Source code and data for this assignment

Note: The code used to create this document is here.

In this homework we will again use the NHEFS dataset. Take a look at the codebook linked to from https://www.hsph.harvard.edu/miguel-hernan/causal-inference-book/.

This time we will test the hypothesis that quitting smoking between 1971 and 1981 (variable qsmk) reduces the probability of death by 2001 (variable death).

Data import and recoding

Download the dataset, import it into R, and recode variables as instructed in Homework 1.

library(readr)
nhefs <- read_csv("https://cdn1.sph.harvard.edu/wp-content/uploads/sites/1268/1268/20/nhefs.csv")

Question 1 (2 points): filter any missing data

Remove any observations that are missing any of the following variables:

  • death
  • active
  • age
  • education
  • exercise
  • qsmk
  • race
  • sex
  • smokeintensity
  • smkyrs
  • wt82_71

You would ordinarily want to perform a sensitivity analysis and consider the possibility of bias from informative censoring, but you can ignore that possibility for the purposes of this assignment.
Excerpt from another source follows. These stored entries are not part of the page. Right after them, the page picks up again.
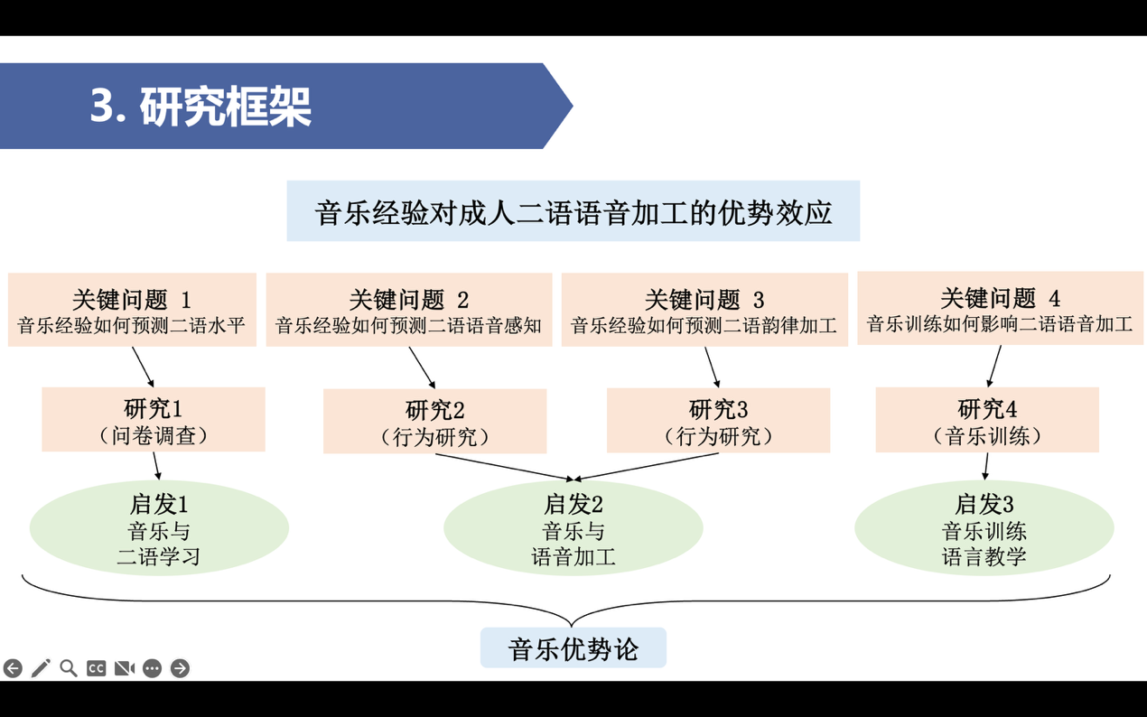 她详细介绍了音乐经验对二语水平的预测、语音感知、韵律加工的影响,以及短期音乐训练对成人二语语音加工的干预效果。研究结果显示,音乐经验尤其是音高与节奏维度的训练,显著提升英语和汉语二语学习者的语音感知与韵律理解能力。同时,视觉节奏训练等多模态训练方式在提升语音加工方面表现出更优效果。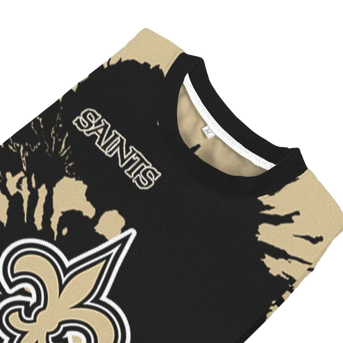 Unleash your team spirit with our Personalized New Orleans Saints Logo And Burst Swirl Gold Black AOP Sweatshirt. Perfect for die-hard fans and casual wearers alike, this stylish piece is great for game days, lounging at home, or hitting the gym. Its unique all-over print design makes a bold statement, ensuring you stand out in the crowd while showcasing your love for the Saints.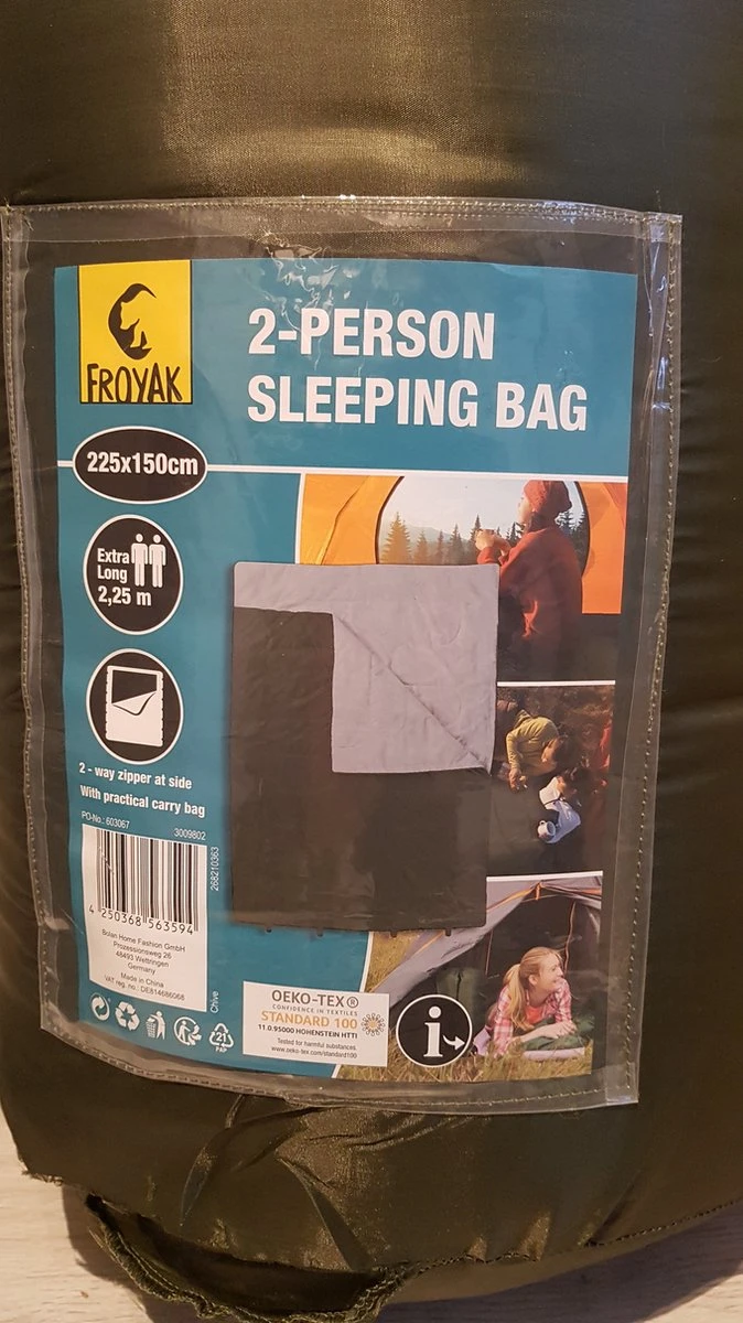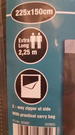 | Verpakkingsinhoud | Een 2 persoons slaapzak envelop model. |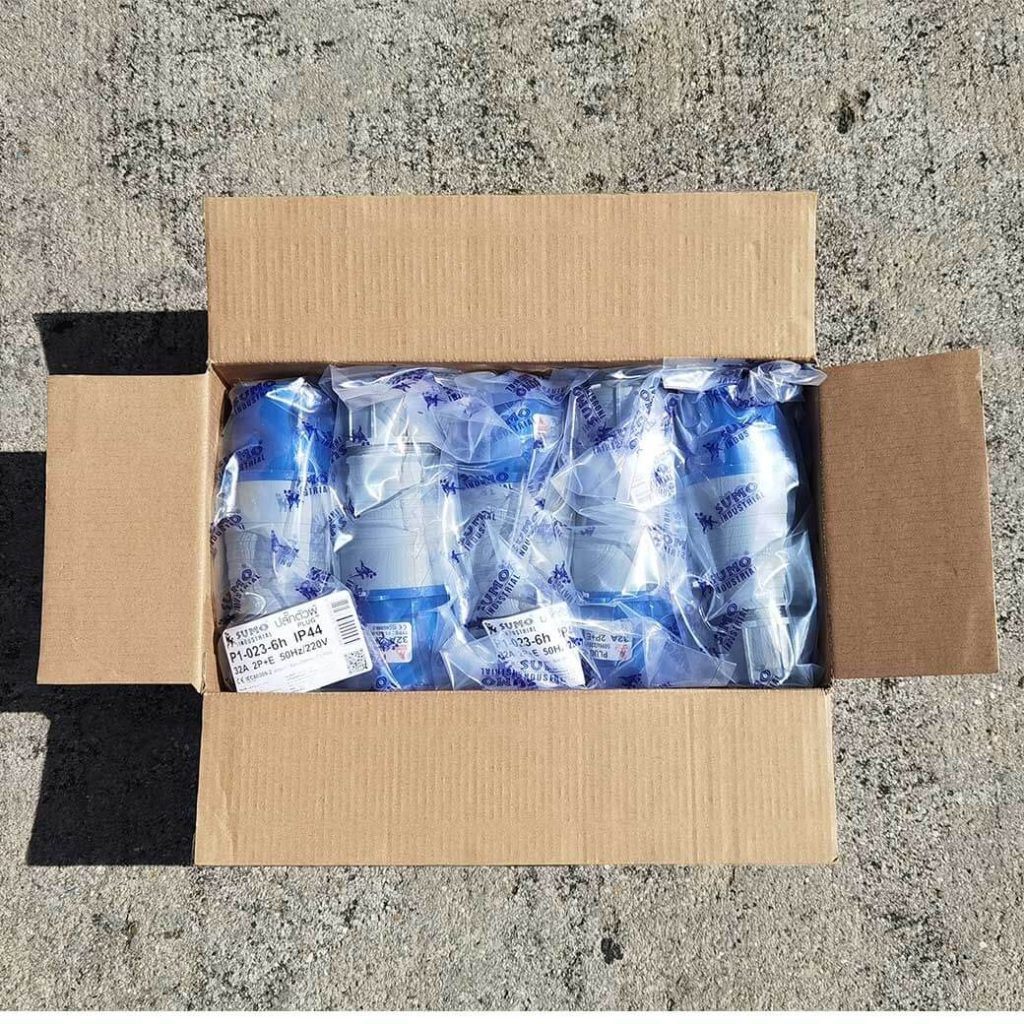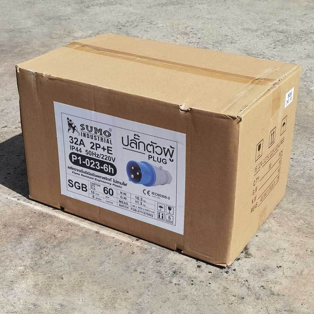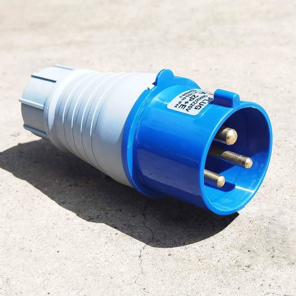 พาวเวอร์ปลั๊ก 2P+E 32A 220V Single Phase ตัวผู้ IP44 ใช้ในงานอุตสาหกรรม ทนความร้อนไม่ลามไฟ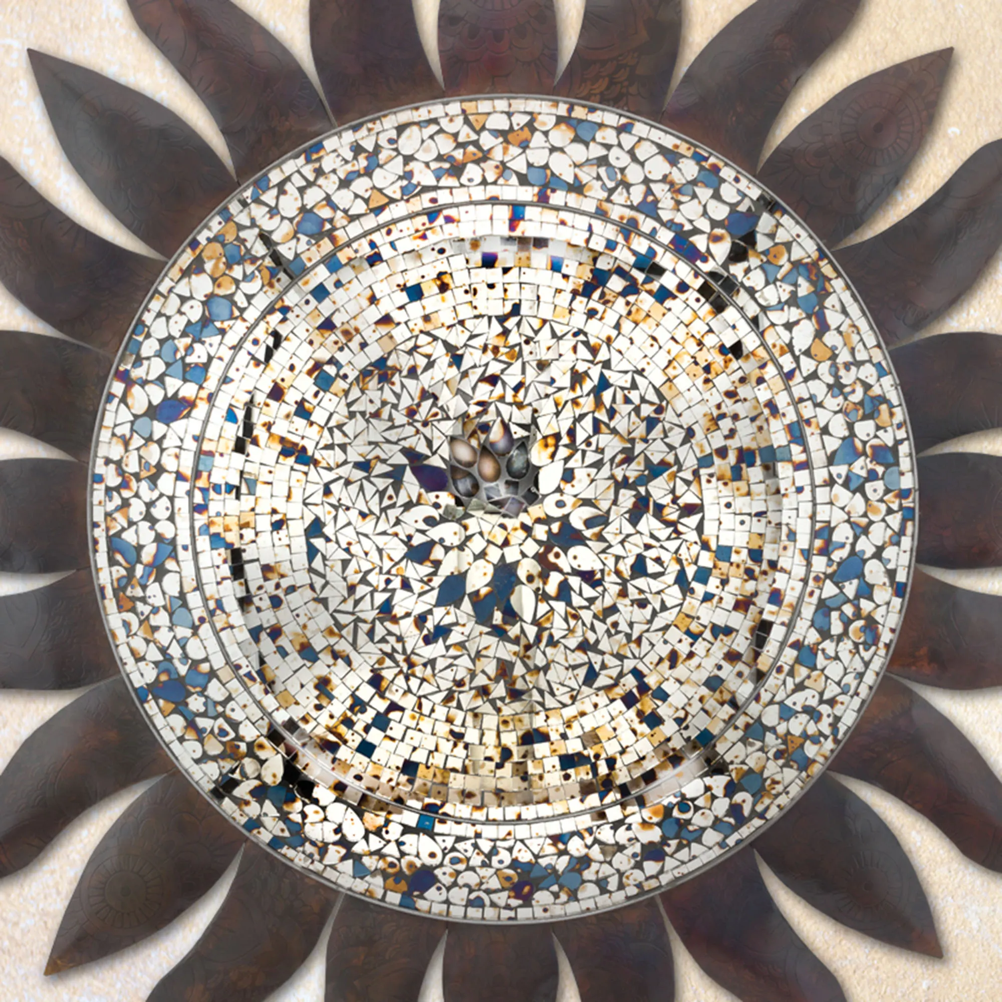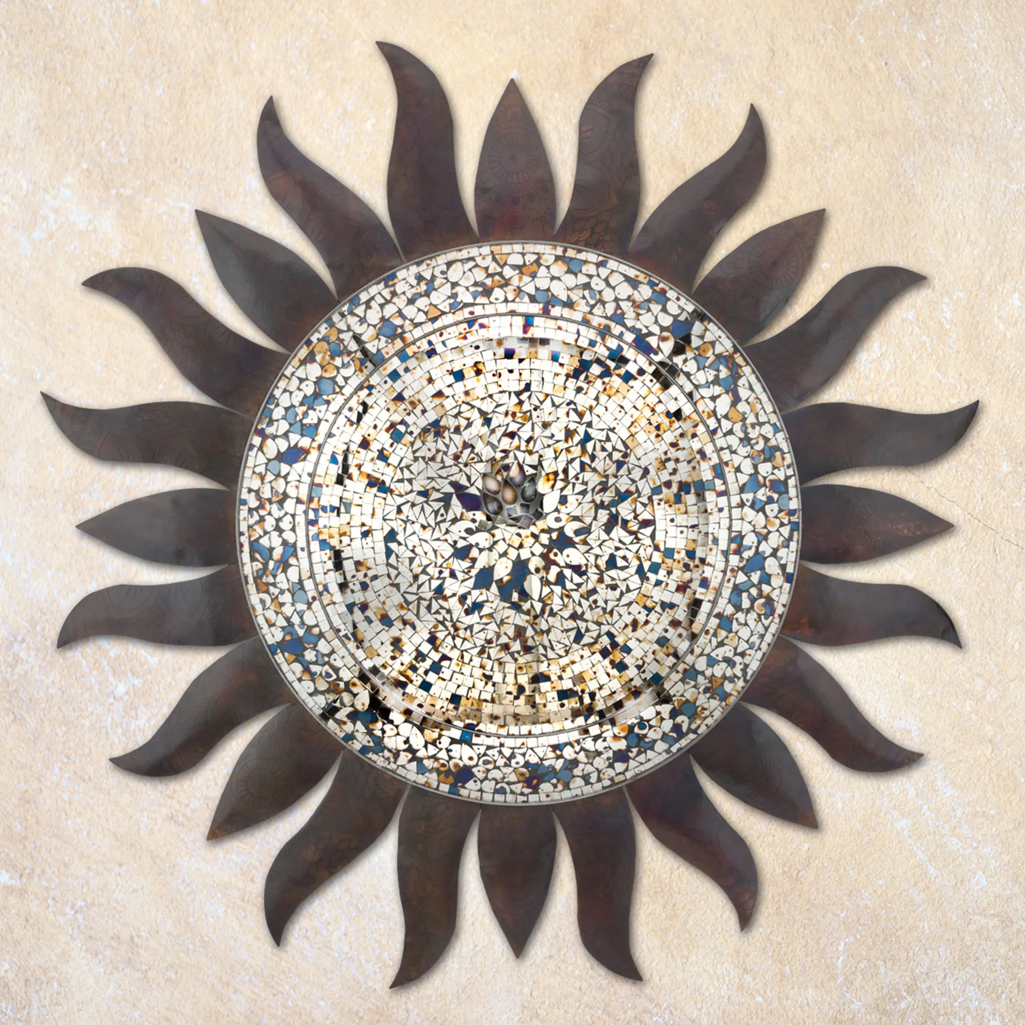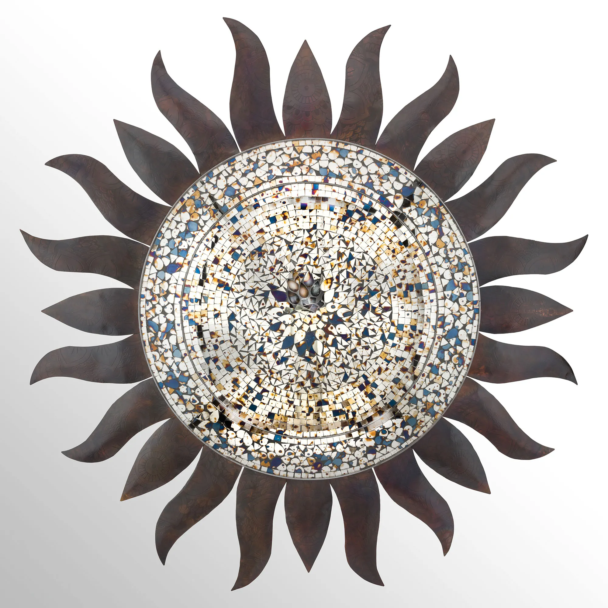 Bask in the beauty of the Eliana Sun Wall Sculpture indoors or outdoors year round. Hand-placed with care, the mirrored glass mosaic tiles fill the sun's center with undertones of blue and tan. Wavy metal rays surround the center with a bronze and copper flame finish. Overall, the sun wall sculpture measures 36"dia.x2"D.

Question 2 (4 points): Table 1

Create a table of descriptive statistics like in HW1, but this time stratify it by the exposure variable qsmk

Question 3 (4 points): fit crude and adjusted logistic regression models

Fit simple and adjusted multiple logistic regression models for the probability of death with quitting smoking as the exposure. In the multivariate model, adjust for sex, race, age, education, and exercise as hypothesized confounders. Use a B-spline from the splines package to correct for age, ie:

\[ death \sim qsmk + sex + race + bs(age) + education + exercise \]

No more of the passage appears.